Records provided:
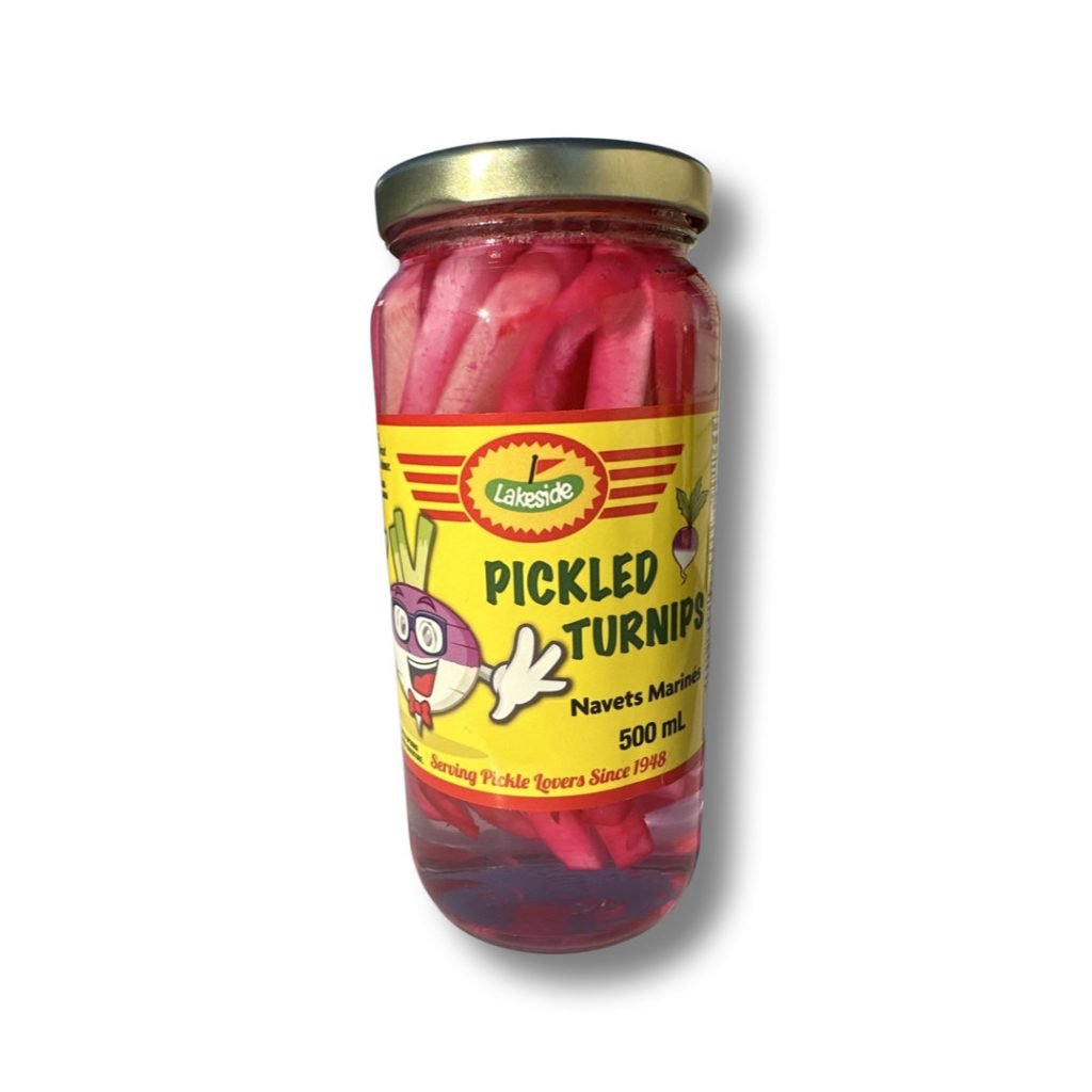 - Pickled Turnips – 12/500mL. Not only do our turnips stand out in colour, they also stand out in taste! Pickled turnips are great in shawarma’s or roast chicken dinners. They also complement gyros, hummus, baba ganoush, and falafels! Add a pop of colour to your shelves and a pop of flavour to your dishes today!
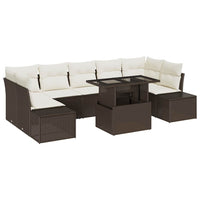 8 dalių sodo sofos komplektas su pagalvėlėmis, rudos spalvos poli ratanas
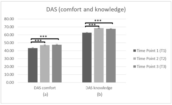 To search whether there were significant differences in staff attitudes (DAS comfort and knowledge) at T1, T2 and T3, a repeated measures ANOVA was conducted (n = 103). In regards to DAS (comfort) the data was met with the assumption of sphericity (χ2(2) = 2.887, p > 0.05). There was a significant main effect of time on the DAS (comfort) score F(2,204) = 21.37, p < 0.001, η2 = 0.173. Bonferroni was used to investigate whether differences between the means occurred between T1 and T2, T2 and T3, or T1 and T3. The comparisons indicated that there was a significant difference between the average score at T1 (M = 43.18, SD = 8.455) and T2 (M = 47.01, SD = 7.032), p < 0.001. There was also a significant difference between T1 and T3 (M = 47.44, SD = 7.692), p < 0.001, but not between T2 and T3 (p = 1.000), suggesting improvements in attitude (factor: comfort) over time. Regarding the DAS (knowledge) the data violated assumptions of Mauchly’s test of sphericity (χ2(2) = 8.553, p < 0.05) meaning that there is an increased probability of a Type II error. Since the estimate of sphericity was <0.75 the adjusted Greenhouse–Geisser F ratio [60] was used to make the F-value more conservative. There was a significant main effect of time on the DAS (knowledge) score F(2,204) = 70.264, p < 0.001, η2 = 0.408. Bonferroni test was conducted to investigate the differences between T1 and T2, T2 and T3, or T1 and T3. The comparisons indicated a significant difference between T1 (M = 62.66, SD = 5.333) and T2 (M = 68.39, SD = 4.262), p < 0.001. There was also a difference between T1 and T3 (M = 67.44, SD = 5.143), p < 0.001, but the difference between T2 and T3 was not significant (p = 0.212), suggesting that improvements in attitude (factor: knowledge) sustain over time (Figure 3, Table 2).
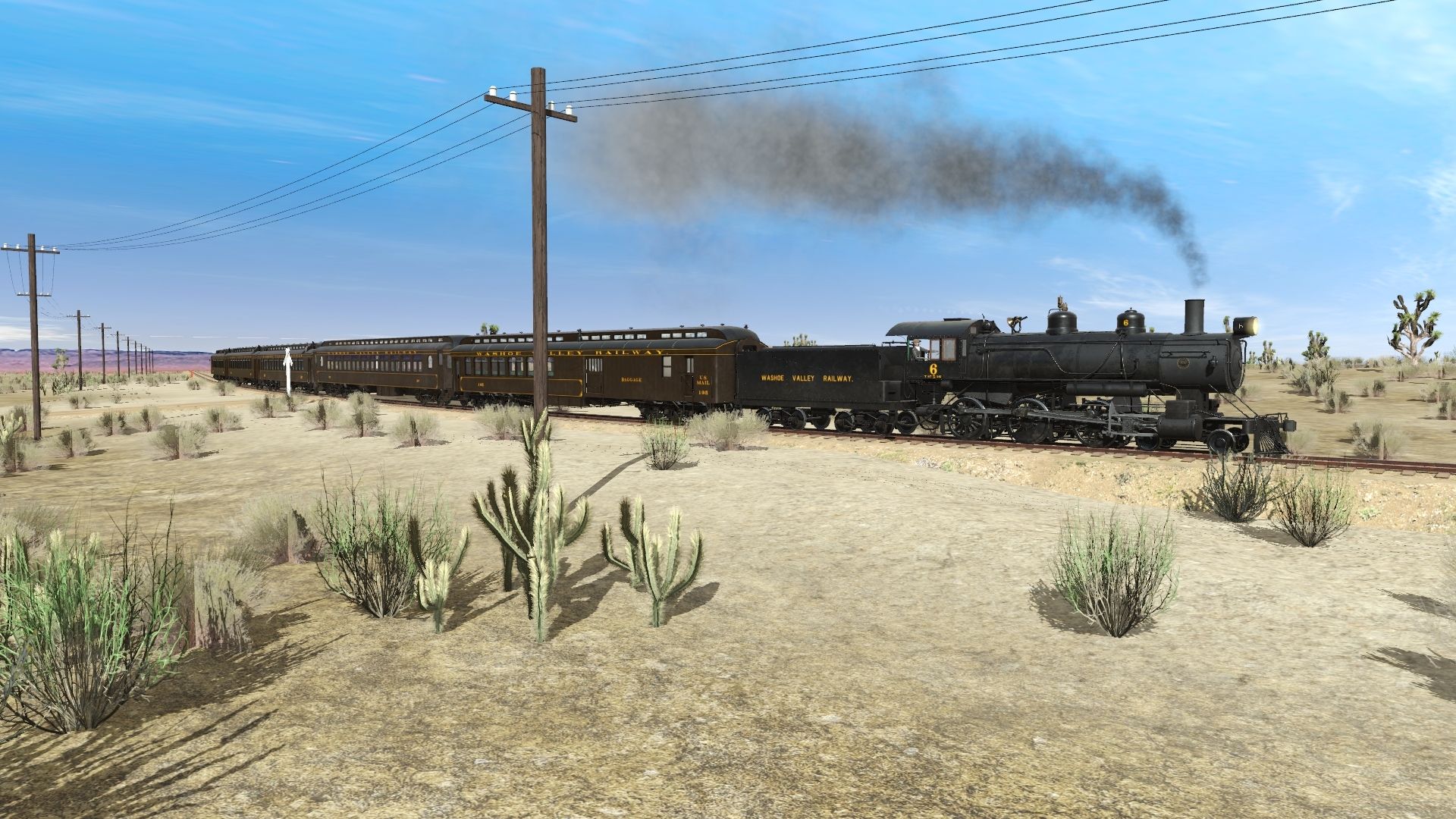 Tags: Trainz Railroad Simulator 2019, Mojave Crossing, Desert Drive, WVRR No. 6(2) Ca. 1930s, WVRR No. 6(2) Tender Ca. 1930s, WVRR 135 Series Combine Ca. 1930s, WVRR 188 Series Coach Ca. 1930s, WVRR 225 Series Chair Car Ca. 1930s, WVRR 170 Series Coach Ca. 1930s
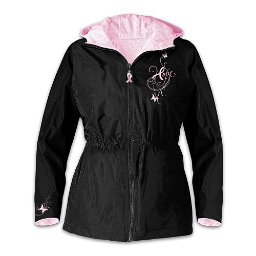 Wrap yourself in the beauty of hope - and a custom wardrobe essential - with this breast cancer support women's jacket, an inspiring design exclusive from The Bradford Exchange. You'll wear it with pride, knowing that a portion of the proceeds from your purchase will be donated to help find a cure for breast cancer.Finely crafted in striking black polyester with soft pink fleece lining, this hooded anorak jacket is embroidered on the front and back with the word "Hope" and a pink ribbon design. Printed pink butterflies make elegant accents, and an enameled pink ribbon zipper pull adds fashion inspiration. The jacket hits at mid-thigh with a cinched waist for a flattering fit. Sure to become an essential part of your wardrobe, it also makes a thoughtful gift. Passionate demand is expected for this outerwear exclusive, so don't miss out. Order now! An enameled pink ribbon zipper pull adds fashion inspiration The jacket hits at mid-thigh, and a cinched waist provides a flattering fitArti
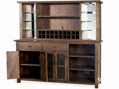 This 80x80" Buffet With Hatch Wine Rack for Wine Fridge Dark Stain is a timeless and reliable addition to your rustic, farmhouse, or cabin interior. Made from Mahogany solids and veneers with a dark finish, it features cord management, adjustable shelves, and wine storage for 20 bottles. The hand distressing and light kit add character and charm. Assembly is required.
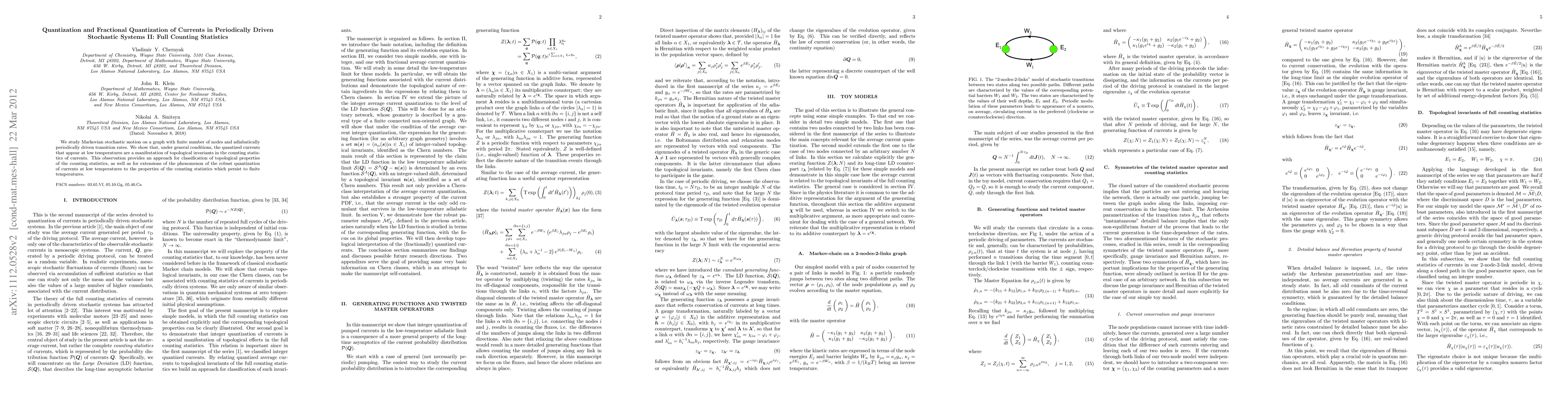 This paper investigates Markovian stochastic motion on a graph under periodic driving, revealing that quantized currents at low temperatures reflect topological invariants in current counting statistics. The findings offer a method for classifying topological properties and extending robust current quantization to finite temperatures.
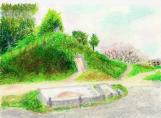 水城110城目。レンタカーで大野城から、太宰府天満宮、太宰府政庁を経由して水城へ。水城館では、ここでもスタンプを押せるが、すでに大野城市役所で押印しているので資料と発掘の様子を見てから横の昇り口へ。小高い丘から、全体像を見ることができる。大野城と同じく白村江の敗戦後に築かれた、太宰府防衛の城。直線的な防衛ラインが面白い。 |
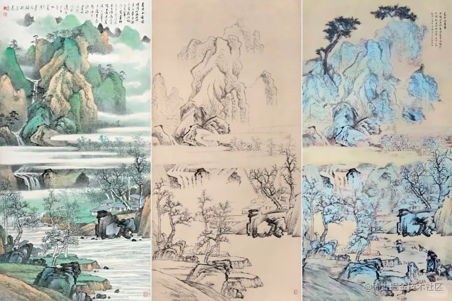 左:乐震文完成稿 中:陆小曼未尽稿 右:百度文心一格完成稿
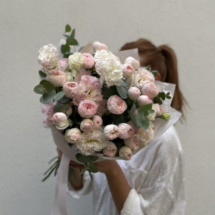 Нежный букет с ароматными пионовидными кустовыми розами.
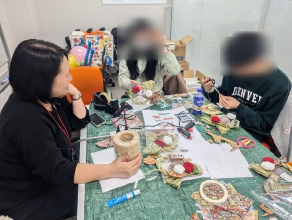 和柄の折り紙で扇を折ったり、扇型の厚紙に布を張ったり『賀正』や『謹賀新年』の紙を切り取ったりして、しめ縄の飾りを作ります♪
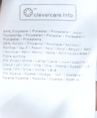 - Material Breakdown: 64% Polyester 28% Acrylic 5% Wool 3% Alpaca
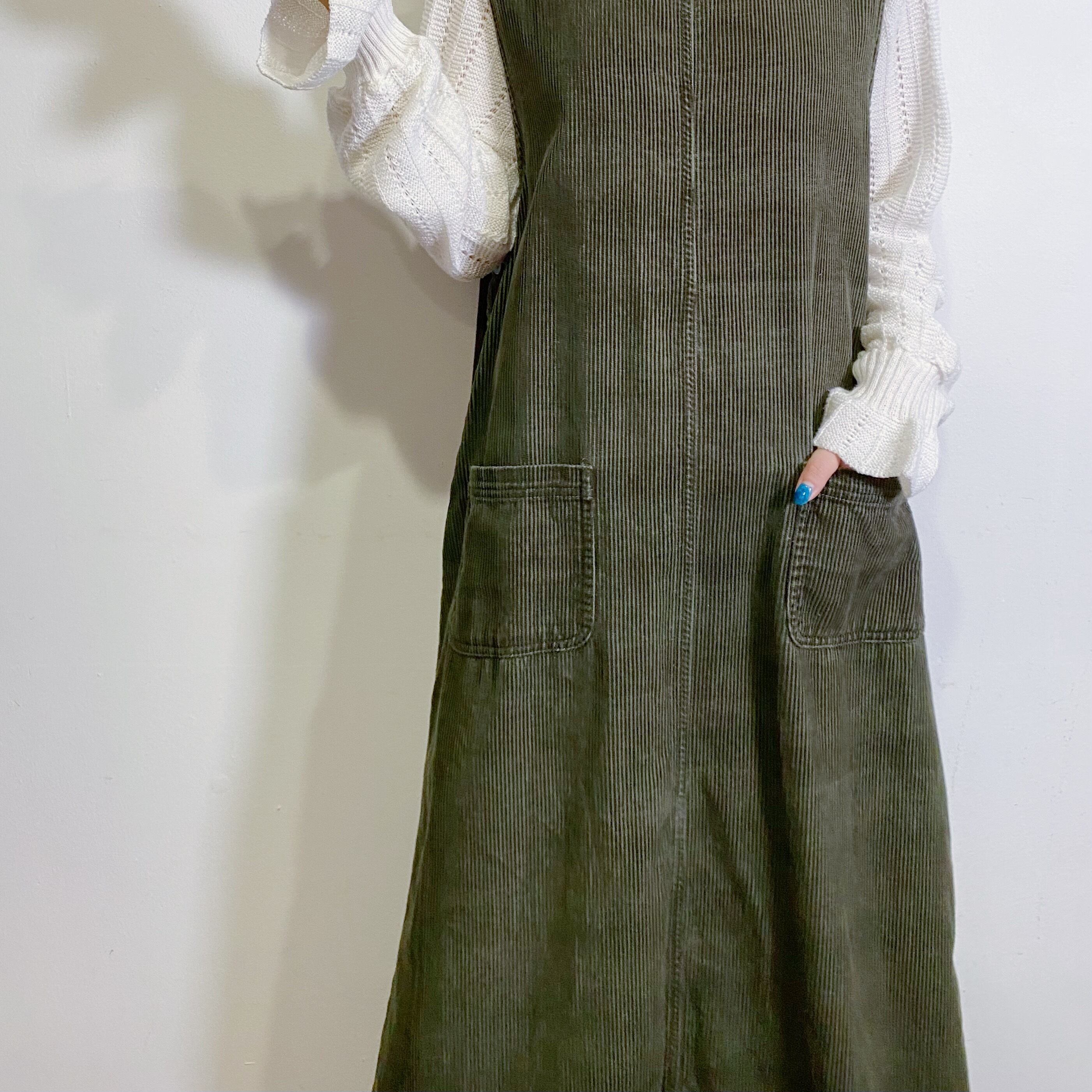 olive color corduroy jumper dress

What you have to do: Return the material word for word, images omitted.

Exercise result:
 - Pickled Turnips – 12/500mL. Not only do our turnips stand out in colour, they also stand out in taste! Pickled turnips are great in shawarma’s or roast chicken dinners. They also complement gyros, hummus, baba ganoush, and falafels! Add a pop of colour to your shelves and a pop of flavour to your dishes today!
 8 dalių sodo sofos komplektas su pagalvėlėmis, rudos spalvos poli ratanas
 To search whether there were significant differences in staff attitudes (DAS comfort and knowledge) at T1, T2 and T3, a repeated measures ANOVA was conducted (n = 103). In regards to DAS (comfort) the data was met with the assumption of sphericity (χ2(2) = 2.887, p > 0.05). There was a significant main effect of time on the DAS (comfort) score F(2,204) = 21.37, p < 0.001, η2 = 0.173. Bonferroni was used to investigate whether differences between the means occurred between T1 and T2, T2 and T3, or T1 and T3. The comparisons indicated that there was a significant difference between the average score at T1 (M = 43.18, SD = 8.455) and T2 (M = 47.01, SD = 7.032), p < 0.001. There was also a significant difference between T1 and T3 (M = 47.44, SD = 7.692), p < 0.001, but not between T2 and T3 (p = 1.000), suggesting improvements in attitude (factor: comfort) over time. Regarding the DAS (knowledge) the data violated assumptions of Mauchly’s test of sphericity (χ2(2) = 8.553, p < 0.05) meaning that there is an increased probability of a Type II error. Since the estimate of sphericity was <0.75 the adjusted Greenhouse–Geisser F ratio [60] was used to make the F-value more conservative. There was a significant main effect of time on the DAS (knowledge) score F(2,204) = 70.264, p < 0.001, η2 = 0.408. Bonferroni test was conducted to investigate the differences between T1 and T2, T2 and T3, or T1 and T3. The comparisons indicated a significant difference between T1 (M = 62.66, SD = 5.333) and T2 (M = 68.39, SD = 4.262), p < 0.001. There was also a difference between T1 and T3 (M = 67.44, SD = 5.143), p < 0.001, but the difference between T2 and T3 was not significant (p = 0.212), suggesting that improvements in attitude (factor: knowledge) sustain over time (Figure 3, Table 2).
 Tags: Trainz Railroad Simulator 2019, Mojave Crossing, Desert Drive, WVRR No. 6(2) Ca. 1930s, WVRR No. 6(2) Tender Ca. 1930s, WVRR 135 Series Combine Ca. 1930s, WVRR 188 Series Coach Ca. 1930s, WVRR 225 Series Chair Car Ca. 1930s, WVRR 170 Series Coach Ca. 1930s
 Wrap yourself in the beauty of hope - and a custom wardrobe essential - with this breast cancer support women's jacket, an inspiring design exclusive from The Bradford Exchange. You'll wear it with pride, knowing that a portion of the proceeds from your purchase will be donated to help find a cure for breast cancer.Finely crafted in striking black polyester with soft pink fleece lining, this hooded anorak jacket is embroidered on the front and back with the word "Hope" and a pink ribbon design. Printed pink butterflies make elegant accents, and an enameled pink ribbon zipper pull adds fashion inspiration. The jacket hits at mid-thigh with a cinched waist for a flattering fit. Sure to become an essential part of your wardrobe, it also makes a thoughtful gift. Passionate demand is expected for this outerwear exclusive, so don't miss out. Order now! An enameled pink ribbon zipper pull adds fashion inspiration The jacket hits at mid-thigh, and a cinched waist provides a flattering fitArti
 This 80x80" Buffet With Hatch Wine Rack for Wine Fridge Dark Stain is a timeless and reliable addition to your rustic, farmhouse, or cabin interior. Made from Mahogany solids and veneers with a dark finish, it features cord management, adjustable shelves, and wine storage for 20 bottles. The hand distressing and light kit add character and charm. Assembly is required.
 This paper investigates Markovian stochastic motion on a graph under periodic driving, revealing that quantized currents at low temperatures reflect topological invariants in current counting statistics. The findings offer a method for classifying topological properties and extending robust current quantization to finite temperatures.
 水城110城目。レンタカーで大野城から、太宰府天満宮、太宰府政庁を経由して水城へ。水城館では、ここでもスタンプを押せるが、すでに大野城市役所で押印しているので資料と発掘の様子を見てから横の昇り口へ。小高い丘から、全体像を見ることができる。大野城と同じく白村江の敗戦後に築かれた、太宰府防衛の城。直線的な防衛ラインが面白い。 |
 左:乐震文完成稿 中:陆小曼未尽稿 右:百度文心一格完成稿
 Нежный букет с ароматными пионовидными кустовыми розами.
 和柄の折り紙で扇を折ったり、扇型の厚紙に布を張ったり『賀正』や『謹賀新年』の紙を切り取ったりして、しめ縄の飾りを作ります♪
 - Material Breakdown: 64% Polyester 28% Acrylic 5% Wool 3% Alpaca
 olive color corduroy jumper dress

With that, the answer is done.